Challenge 1 - step by step revealed

At the start of the Application Observability Code Challenges I described observability as:

How effectively you can understand the behaviour of the system from the outside, using the data it generates.

In this blog post I will go through the results step by step and explain what you can see in the metrics and traces to see what is actually going on in the application. To start, I ran the three K6 scripts one after the other, which resulted in this:

You can see that the first script ran and everything seems to be fine, the second script produces much more load and has 40 concurrent users at the top. The third script has a small number of users, runs fine for a short time and then has very high response times. But this is only what we see from the outside with the K6 test results.

Service metrics

As mentioned in the challenge, there is also a dashboard for the service metrics. This is a screenshot of a part of the dashboard showing the request rate, duration and number of active threads: In the blocks I marked when the 3 scripts were executed.

Request rate panel (on top)

This shows the same pattern as the K6 detail view. More users means more requests, but nothing which directly takes attention.

Duration panel ( in the middle )

The duration histogram follows the same pattern as the K6 detail view, but there is a small difference: By the third run, it stops showing response times. It even stopped sending responses for 5 minutes … for the heavy requests it takes 5 minutes, but why are other responses not returned? I did not take the full screenshot, but after this it even goes way up, which are 5 minute responses, polluting the graph.

JVM Threads

The thread panel shows a very consistent number of threads. Even with 40 concurrent users during the second test run, the number of threads does not increase much. If it would have created a thread per user, there would be much more threads, but that is not the case.

Tomcat threads

This is also supported by the panel with Tomcat threads. In a model where each (concurrent) request is handled on a thread, you would expect the number of Tomcat threads to increase. This is not the case here. And this is also expected, as our application uses `async’ message handling. In this case, the requests are offloaded to an async handler. This may create new threads if necessary.

JVM memory usage

Can we see any special behaviour regarding memory usage? Not really, it behaves normally. The garbage collector kicks in from time to time and is able to free the memory as expected.

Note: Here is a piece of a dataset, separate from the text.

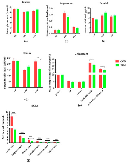 The sows’ serum concentrations of glucose (a), progesterone (b), estradiol (c), and insulin (d) were not affected by dietary treatment on G0, G20, or G60 (p > 0.05). However, serum insulin was significantly lower on G60 in the FFM sows than in the CON sows (p < 0.01) (Figure 2). On G60, the concentrations of all the tested SCFAs (f), including acetic, propionic, isobutyric, butyric, isovaleric, and valeric acid, were significantly lower in the feces of the FFM sows than in the CON sows (p < 0.01). By contrast, the concentrations of total milk solids and total milk solids excluding fat (e) were significantly lower in the FFM group than in the CON group (p < 0.05).

A trace has also been created for each request. What can we learn from those traces? Using TracQL we can query for the traces in the time period of the execution. This is a query to look for all traces where the challenge-01 service was involved:

{.service.name="challenge-01" && duration>1s}

This is an example trace:

Unfortunately we cannot see anything based on this, we can see that it took 2 seconds to process this request, no further details…

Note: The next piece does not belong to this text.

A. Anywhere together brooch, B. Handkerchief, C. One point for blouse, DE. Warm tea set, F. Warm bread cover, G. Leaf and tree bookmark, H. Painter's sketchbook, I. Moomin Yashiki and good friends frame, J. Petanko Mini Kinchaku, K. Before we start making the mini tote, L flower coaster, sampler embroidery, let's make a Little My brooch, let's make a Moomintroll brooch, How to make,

What kind of additional information can we extract from the application to get more information about what is going on?

What can we do to see if our own code is behaving as expected?

This is the main part of the code that handles the request. What can be improved here?

@GET
@Path("/{id}")
@Produces(MediaType.APPLICATION_JSON)
@ManagedAsync
public Response getChallengeById(@PathParam("id") Integer id) throws InterruptedException {
    logger.info("getChallengeById");

    List<Challenge> challenges = handleRequest(id);
    if (challenges.isEmpty()) {
        return Response.status(Response.Status.NOT_FOUND).build();
    } else {
        return Response.ok(challenges).build();
    }
}

We could add some log statements and try to correlate which log lines are related to the same request. This is actually already done by OpenTelemetry! OpenTelemetry adds the traceId to the log. With more log lines, we can see which lines were added at which times. Then we can see where the time is spent, or which error message is generated as part of which trace. We won’t explore this for now, maybe in another challenge.

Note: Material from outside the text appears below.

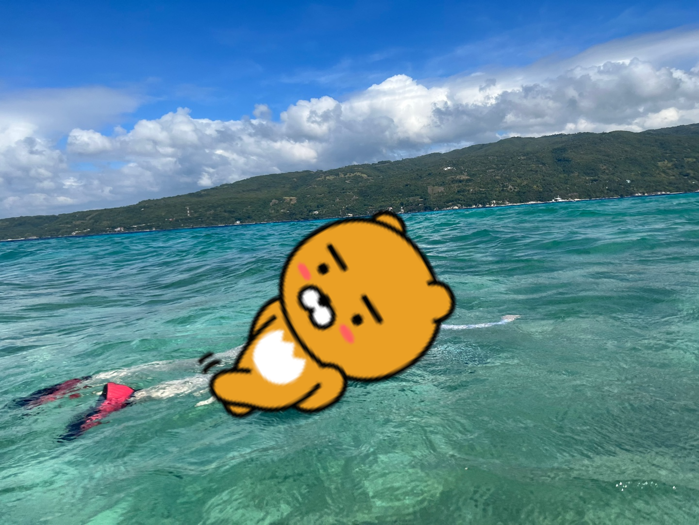 다리에 고래상어 꼬리가 닿일 거 같아서 동영상 촬영하다가 한번 수면 위로 올라왔어여ㅋㅋㅋㅋㅋ

We can also use ‘internal spans’.

OpenTelemetry span annotation

OpenTelemetry has a way of adding spans to your code without adding a lot of code. This is described here: https://opentelemetry.io/docs/zero-code/java/agent/annotations/

In our POM we can just add a simple dependency:

<dependency>
    <groupId>io.opentelemetry.instrumentation</groupId>
    <artifactId>opentelemetry-instrumentation-annotations</artifactId>
    <version>2.15.0</version>
</dependency>

And we can change our code just a little.
@WithSpan(“Name of the span”) is already enough, but we can add some more information by annotating the parameters as well:

@WithSpan("Handle request")
private List<Challenge> handleRequest(@SpanAttribute("id") int id) throws InterruptedException {
    // Request handling as part of the internal span
}

Rebuild, restart and run test again

just build # Build the project again
just down  # Stop the current container
just up    # Start the new again with the new build

just k6-high-load # Run the high load scenario again

Check new traces

If we look for traces again during the first part of the we can find a trace like this. Here you can see the server span with a child span, which is the actual request handling logic.

Later in the run, when the request duration was high again: Ok, strange. The request is captured, but the execution is delayed. The actual execution was fast, but the delay was before the processing.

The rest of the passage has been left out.